Bishop was always reluctant to discuss either personal matters or her work. But when the poet Anne Stevenson undertook the very first monograph on Bishop (for Twayne Publishers), the questions in her letters elicited from Bishop some of her most eloquent and forthright thoughts about her writing and her life. Included here is the first publication of extensive selections from their correspondence.

The one major Bishop prose work that is too long to reprint here in its entirety is her book-length translation of the Brazilian classic Minha Vida de Menina —the actual diary of a young girl who lived in the small mining town of Diamantina in the 1890s (published in this country as The Diary of “Helena Morley” ). It is represented here by both Bishop’s substantial introductory essay and the excerpts she published independently, before the appearance of the book, in Harper’s Bazaar.
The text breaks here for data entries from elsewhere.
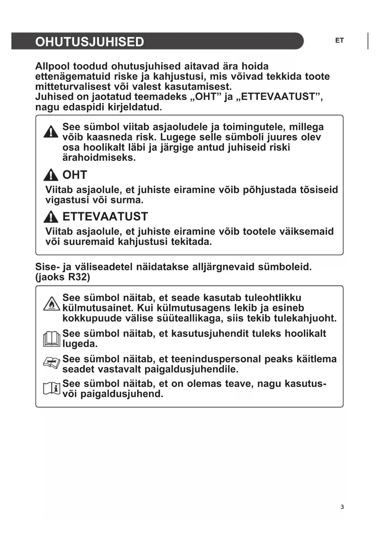 Allpool toodud ohutusjuhised aitavad ära hoida ettenägematuid riske ja kahjustusi, mis võivad tekkida toote mitteturvalisest või valest kasutamisest. Juhised on jaotatud teemadeks „OHT” ja „ETTEVAATUST”, nagu edaspidi kirjeldatud. See sümbol viitab asjaoludele ja toimingutele, millega võib kaasneda risk. Lugege selle sümboli juures olev osa hoolikalt läbi ja järgige antud juhiseid riski ärahoidmiseks. OHT Viitab asjaolule, et juhiste eiramine võib põhjustada tõsiseid vigastusi või surma. ETTEVAATUST Viitab asjaolule, et juhiste eiramine võib tootele väiksemaid või suuremaid kahjustusi tekitada. Sise- ja väliseadetel näidatakse alljärgnevaid sümboleid. (jaoks R32) See sümbol näitab, et seade kasutab tuleohtlikku külmutusainet. Kui külmutusagens lekib ja esineb kokkupuude välise süüteallikaga, siis tekib tulekahjuoht. See sümbol näitab, et kasutusjuhendit tuleks hoolikalt lugeda. See sümbol näitab, et teeninduspersonal peaks käitlema seadet vastavalt paigaldusjuhendile. See sümbol näitab, et on olemas teave, nagu kasutus- või paigaldusjuhend.4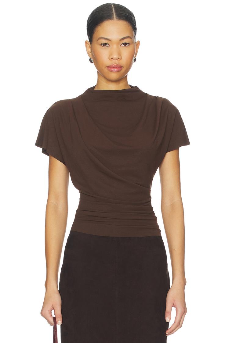 Soft matte brown viscose with a hint of stretch defines this fitted shell top featuring a high neckline and short sleeves. The ruched front and darted waist create a flattering silhouette that pairs effortlessly with business casual or casual ensembles. Ideal for spring through autumn, its minimalist and sophisticated style suits workwear, business casual, and relaxed weekend occasions. A pullover design makes it easy to wear, while the subtle ruffle detail adds a touch of elegance without overpowering the look.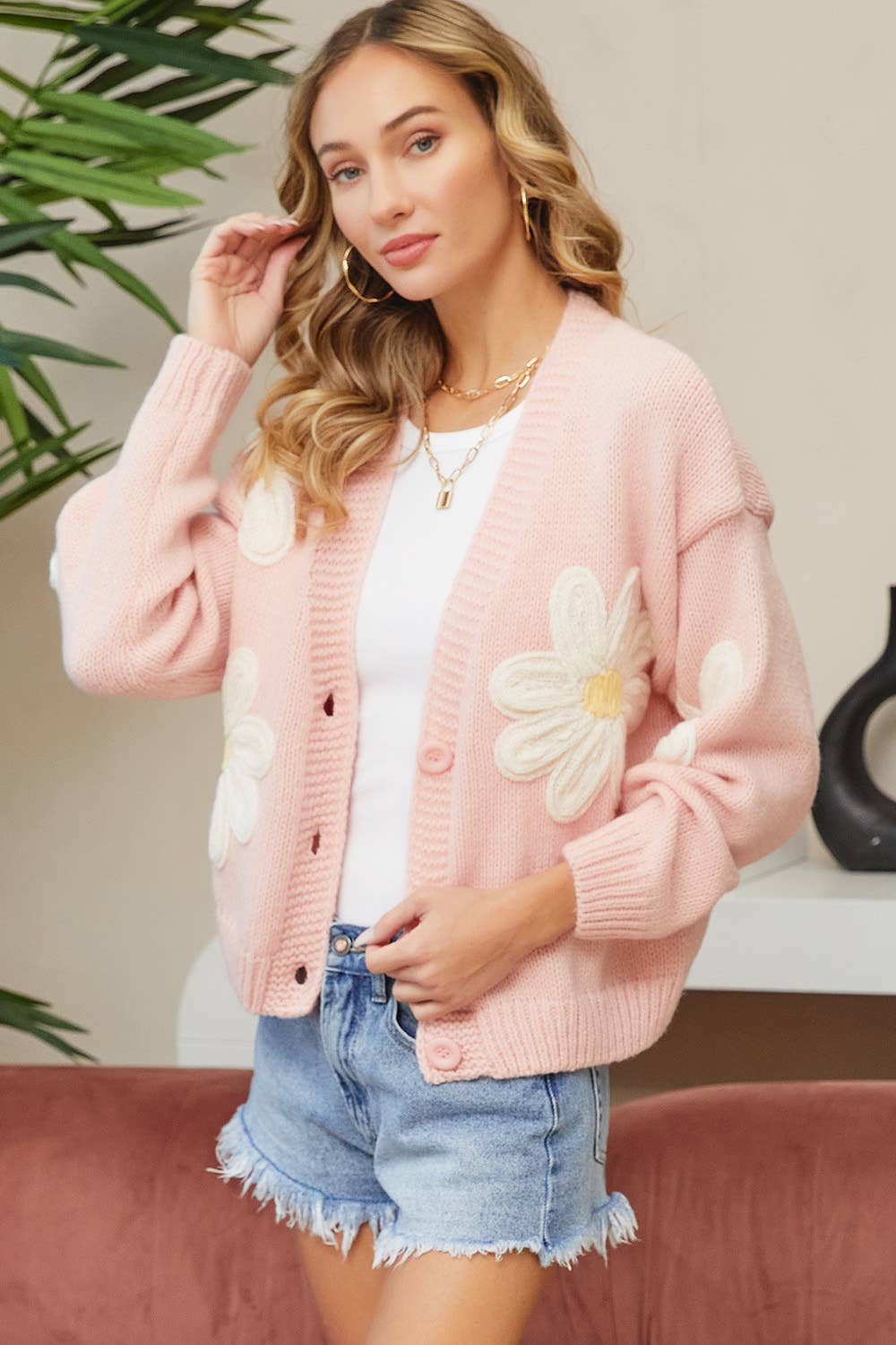 Embrace vintage charm with this knit cardigan featuring puff detailing and a floral motif design. Crafted from premium materials, this cozy layer adds a touch of nostalgia to any outfit. The puffed sleeves and intricate floral pattern create a feminine silhouette, while the knit fabric ensures lasting comfort. Versatile enough for casual outings or dressier occasions, this cardigan is a must-have for your wardrobe. Layer it over dresses, blouses, or your favorite jeans for a chic and timeless look. Available in a range of colors to complement your personal style. Size up for an oversized fit or stay true to size for a more fitted appearance. Elevate your style with this vintage-inspired knit cardigan. STYLE: LCS0432

Bishop captures the authentic voice of the exuberant and mischievous young girl with a mind of her own, just as in her other major prose translation, her uncanny English version of three short fables by the Brazilian fiction writer Clarice Lispector, she captures that author’s more sophisticated and unsettling world view.

Elizabeth Bishop began writing poems and stories when she was still a child, but one might say that her “career” began with the stories, reviews, and personal essays that appeared in her high school magazine, the Walnut Hill School’s The Blue Pencil (which is still active). In the appendix here of her early prose are some prescient examples of Bishop’s most profound later concerns. The essay “A Mouse and Mice” includes her first explicit reference to a theme — Virgil’s “sunt lacrimae rerum” and its image of life’s inherent tears — that will play a central role in one of the most touching of her early stories, “The Last Animal,” and in such major poems as “The Man-Moth” and “Sestina.” The main character in “The Thumb,” a kind of surrealistic Jamesian horror story, prefigures the disturbing narrator in her celebrated story “In Prison.” Her meditation “on being alone” inaugurates a comparable theme that will become a central issue over the entire course of her life. Perhaps her most sophisticated and imaginative discussions of literature turn up among the essays she published as a Vassar undergraduate, including two breathtaking metaphors — images of a shooting gallery and of migrating birds in flight — for the complexities of a writer’s sense of timing.